Physical prowess and aesthetics are constantly shifting from the day one is born until the day one dies. Children often bemoan waiting to grow up, and at some point adults begin to dig in their heels and attempt to freeze the process. Aesthetics are at the root of America’s anti-aging myth. The myth that by maintaining a certain physical appearance one can stop the aging process. Striving for and clinging to an ideal physical appearance is pervasive in American culture. How does this myth exist when every single day of one’s life our appearance is shifting, we are aging? What if this shifting was not seen as growth OR deterioration? What if this shifting was accepted without judgment? The process of aging is universal; the lived qualities of it are unique to the individual. This uniqueness offers us a chance to appreciate the aging process artfully.
It is not simply that our physical and even mental abilities as well as our hold on life are dwindling; though that is indeed the case, something else is developing in concert with these losses. . . . The body forces on us a kind of maturity, a settling down into a grounded encounter with reality, and, if we are paying attention, of limited potential. – Jungian Analyst Cynde Rothe
Aging shifts our aesthetic. If this shift can be embraced—or dare I say valued—we can develop an acceptance of our own process and an appreciation for those who have gone through it before. We are good at this in childhood: we look to those older than us and see when they grew and wonder when our growth spurt will come, we anxiously await the changes puberty will bring. This same wonder and curiosity can be used throughout our life.
I expose the illusion that youth is perfect. Youth is beautiful in many ways, but it’s not perfect. The problem with thinking youth is perfect is that everything that follows must therefore be in decline. It’s dangerous to let go of what’s familiar, to let go of what you’ve always done, to choose to do something new that you might or might not succeed at. We grow and change and develop across the entire lifespan, not just when we are young. – Dr. Bill Thomas (source)

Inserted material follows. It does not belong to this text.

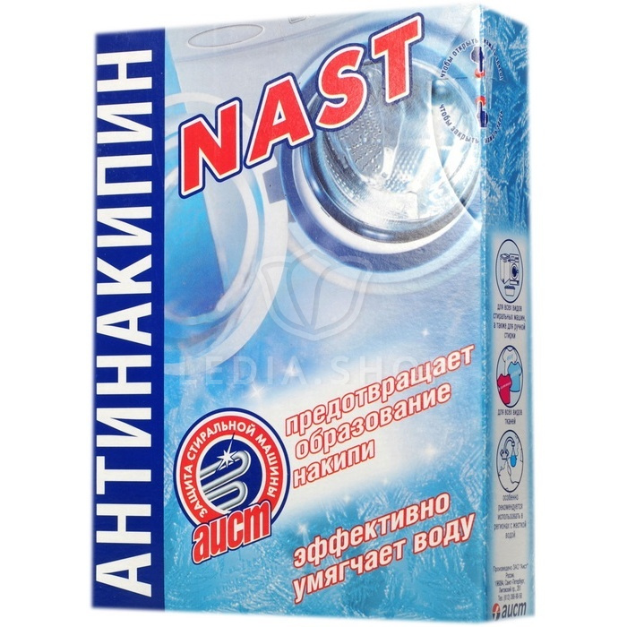 Средство от накипи. Предотвращает образование накипи. Эффективно умягчает воду. Вес упаковки 300г. NAST Антинакипин это современный уровень гигиенического ухода и защиты элементов стиральной машины и белья от накипи, известкового и грязевого налетов, неприятного запаха. Уникальное сочетание различных комплексообразователей предотвращает и растворяет накипь и грязь, смягчают воду, придает мягкость белью после стирки, а также защищают резиновые детали стиральной машины от налипания остаточных загрязнений. Эффективен в широком диапазоне температур: от 15 С до 100 С.
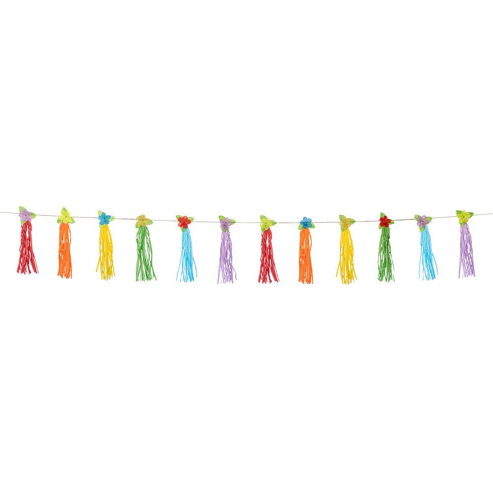 Mit der farbenfrohen Hawaii Quastengirlande bringst du tropische Hula-Vibes auf deine Party. Die farbenfrohen Quasten kombiniert mit tropischen Blumen sorgen für einen festlichen und sommerlichen Look. Perfekt für Gartenpartys, Strandpartys oder eine Party mit hawaiianischem Thema.

The key to aging with grace and comfort is finding that internal dialogue that encourages you as you would encourage a good friend and makes you feel like attractiveness isn’t about having every feature look the same as it did years ago. It’s about focusing on the whole gestalt—your presentation of yourself, your smile, your engaging eyes, a strong stride. That goes along with a dialogue that says, “Life requires a constant adjusting.” – Ex-model and Psychologist Vivian Diller
What if our culture did not see the shifting aesthetics after early adulthood as a move toward obsolescence? Psychologist James Hillman elaborated on this idea by saying, “Perhaps uselessness needs to be regarded aesthetically [emphasis added]. . . . The old become strikingly memorable, ancestral representations, characters in the play of civilization, each a unique, irreplaceable figure of value. Aging: an art form?” To turn this type of appreciation back on one’s own life (or that of a loved one), to view one’s character as her or his own personal masterpiece of soul art is a significant act of caring for soul.

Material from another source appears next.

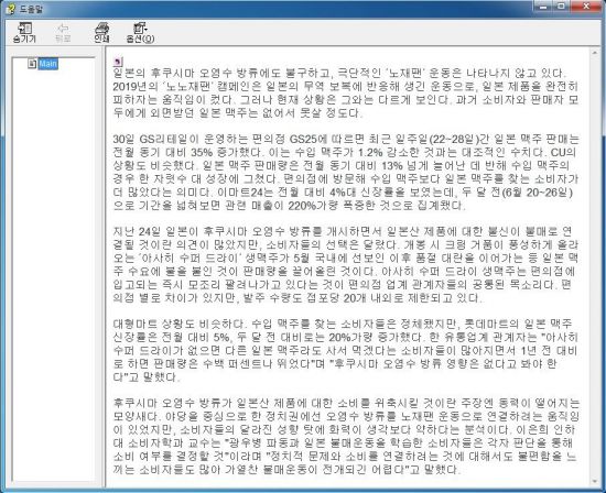 공격자는 먼저 'project.chm'이라는 이름의 윈도우 도움말 파일(.chm)을 유포했다. 유포에는 오염수 처리와 관련한 내용을 담은 이메일 등을 이용했을 것으로 추정된다. 사용자가 무심코 해당 파일을 실행하면 ‘후쿠시마 오염수 방류’와 ‘노재팬’ 캠페인과 관련한 현황을 담은 기사 내용이 나타난다.

This year on Bill Thomas’ Age of Disruption Tour the lobby will be a place where you can P.L.A.Y. Life’s Most Dangerous Game with interactive stations. The A of P.L.A.Y stands for Aesthetics and is exactly what we are discussing here. I encourage you to come to the tour (make sure to say hi) if it is coming to a town near you and participate in physical community. If you cannot come this year you can play (pun totally intended) at home and join our community virtually.
Here is what you do:
- Take a selfie. Notice I said a (singular) selfie, not 10. Just one photo to capture you in this moment.
- Look at the photo. What is the first thing you notice? It is probably a flaw and that is okay, we have been conditioned to notice flaws first. Do not judge yourself by this first impression. Let that thought of flaw float away like a cloud on a breezy day.
- Pretend you are in a museum looking at art and look at that photo again. What can you appreciate about it now? Look at the whole image. What emotion does it convey? What can be known about you from looking at it? Look at it through the eyes of someone who loves you. What can you appreciate artfully about yourself? Still having trouble? Look at the images in this post; they are unequivocally art and depict subjects generations older than cultural standards of beauty. Can you appreciate them artfully? Take those same eyes and look at your selfie again.
- Help change the cultural perception of aging. Post your selfie to social media and use the comment “I posted this photo because #AgingIsAnArtForm ” along with what you appreciated artfully about the photo. You can find other people who took the challenge by looking up the hashtag.